***** Records for the task *****

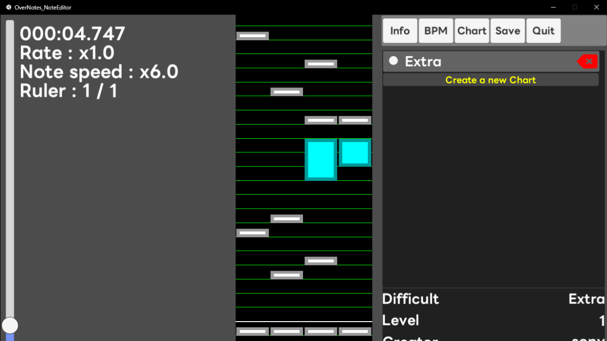 音楽ファイルはいいものの、曲情報、BPM、難易度ごとの譜面をすべて手打ちで作るのは流石に大変なので、エディタを作ることにしました。
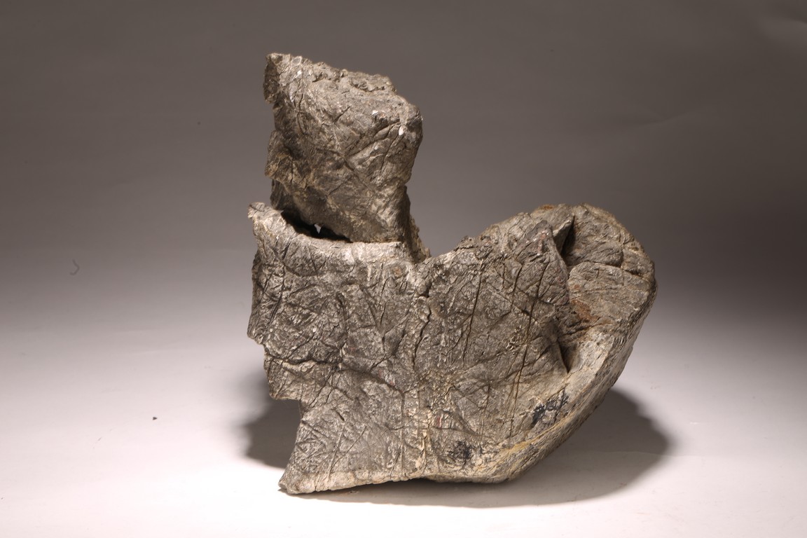Qing Dynasty period. The stone of light grey color of horizontal orientation, with irregular craggy surfaces and openings, inscribed and signed Gu Linshi with seal mark, all supported on a conforming rosewood stand,
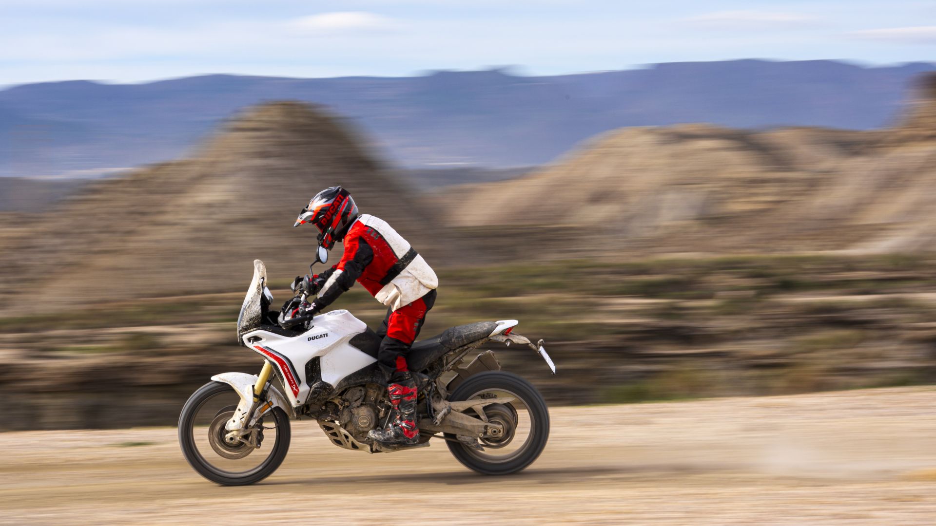 Con il forcellone lavora un pacchetto sospensioni KYB completamente regolabile, una forcella da 46 mm con regolazioni indipendenti per ciascun stelo e un mono – con regolazione remota del precarico – ora dotato di leveraggi progressivi, con escursioni ruota di 230 e 220 mm. L'impianto frenante Brembo, con pinze monoblocco M4.32, morde ora nuovi dischi da 305 mm, è dotato di pastiglie dedicate e pompa assiale con leva di nuovo design, I cerchi a raggi tubeless da 21'' e 18'' montano Pirelli Scorpion Rally STR 90/90 e 150/70. Il peso della nuova Ducati DesertX 2026 è di 209 kg senza carburante (il serbatoio è da 18 litri).
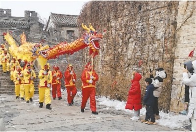 孩子們在北京古北水鎮內駐足觀看舞龍表演。
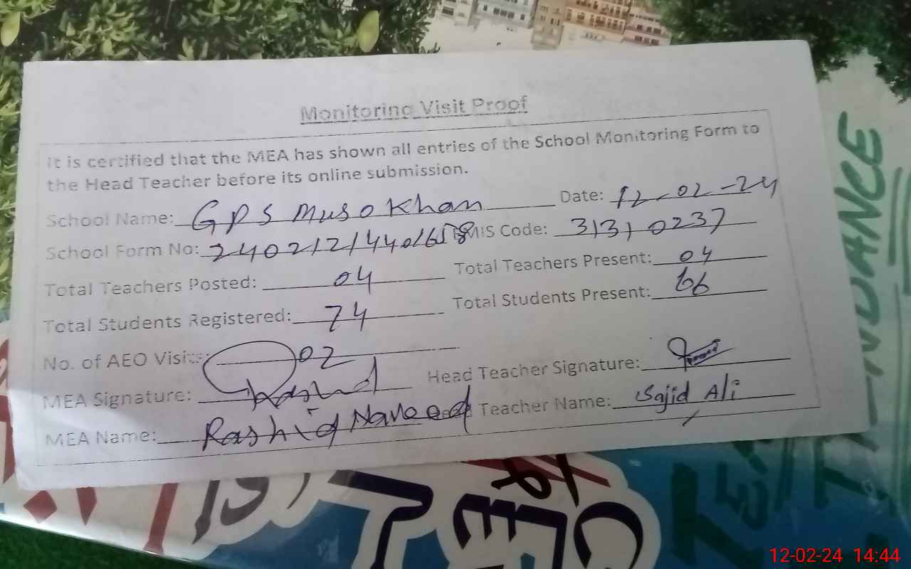 | EMIS Code: 31310237 | Name of School: GPS MUSU KHAN | |||
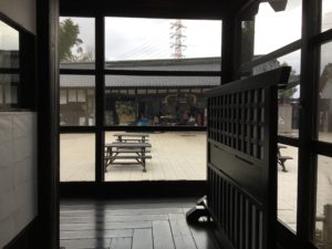 昔ながらの縁側もあり、ガラス戸越しに外の景色を撮るのもまた風流だ。
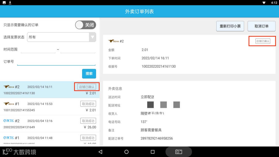 当美团外卖订单处于“配送准备中”以及“配送中”状态时,收银机后台只显示为“店铺已确认”状态。
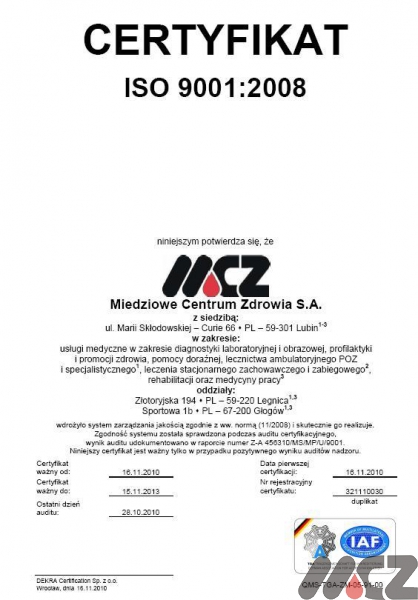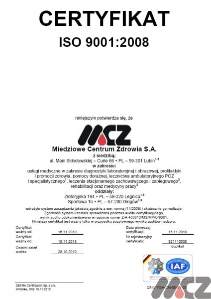 W dniu 16 listopada 2010r. Miedziowe Centrum Zdrowia S.A. w Lubinie uzyskało Certyfikat ISO 9001:2008 w zakresie: diagnostyki laboratoryjnej i obrazowej, profilaktyki i promocji zdrowia, pomocy doraźnej, lecznictwa ambulatoryjnego POZ i specjalistycznego, leczenia stacjonarnego zachowawczego i zabiegowego, rehabilitacji oraz medycyny pracy. Fakt otrzymania tego dokumentu poprzedzony został wielomiesięczną, wytężoną i niełatwą pracą całej załogi Spółki i tylko dzięki temu, jak zaznacza Edward Schmidt, Prezes Zarządu – Dyrektor Naczelny MCZ S.A. w Lubinie, procedury certyfikacyjne zostały uwieńczone sukcesem.

*****

[What is required] Word for word, reproduce all the data, but not the pictures.

[Task answer]
 音楽ファイルはいいものの、曲情報、BPM、難易度ごとの譜面をすべて手打ちで作るのは流石に大変なので、エディタを作ることにしました。
Qing Dynasty period. The stone of light grey color of horizontal orientation, with irregular craggy surfaces and openings, inscribed and signed Gu Linshi with seal mark, all supported on a conforming rosewood stand,
 Con il forcellone lavora un pacchetto sospensioni KYB completamente regolabile, una forcella da 46 mm con regolazioni indipendenti per ciascun stelo e un mono – con regolazione remota del precarico – ora dotato di leveraggi progressivi, con escursioni ruota di 230 e 220 mm. L'impianto frenante Brembo, con pinze monoblocco M4.32, morde ora nuovi dischi da 305 mm, è dotato di pastiglie dedicate e pompa assiale con leva di nuovo design, I cerchi a raggi tubeless da 21'' e 18'' montano Pirelli Scorpion Rally STR 90/90 e 150/70. Il peso della nuova Ducati DesertX 2026 è di 209 kg senza carburante (il serbatoio è da 18 litri).
 孩子們在北京古北水鎮內駐足觀看舞龍表演。
 | EMIS Code: 31310237 | Name of School: GPS MUSU KHAN | |||
 昔ながらの縁側もあり、ガラス戸越しに外の景色を撮るのもまた風流だ。
 当美团外卖订单处于“配送准备中”以及“配送中”状态时,收银机后台只显示为“店铺已确认”状态。
 W dniu 16 listopada 2010r. Miedziowe Centrum Zdrowia S.A. w Lubinie uzyskało Certyfikat ISO 9001:2008 w zakresie: diagnostyki laboratoryjnej i obrazowej, profilaktyki i promocji zdrowia, pomocy doraźnej, lecznictwa ambulatoryjnego POZ i specjalistycznego, leczenia stacjonarnego zachowawczego i zabiegowego, rehabilitacji oraz medycyny pracy. Fakt otrzymania tego dokumentu poprzedzony został wielomiesięczną, wytężoną i niełatwą pracą całej załogi Spółki i tylko dzięki temu, jak zaznacza Edward Schmidt, Prezes Zarządu – Dyrektor Naczelny MCZ S.A. w Lubinie, procedury certyfikacyjne zostały uwieńczone sukcesem.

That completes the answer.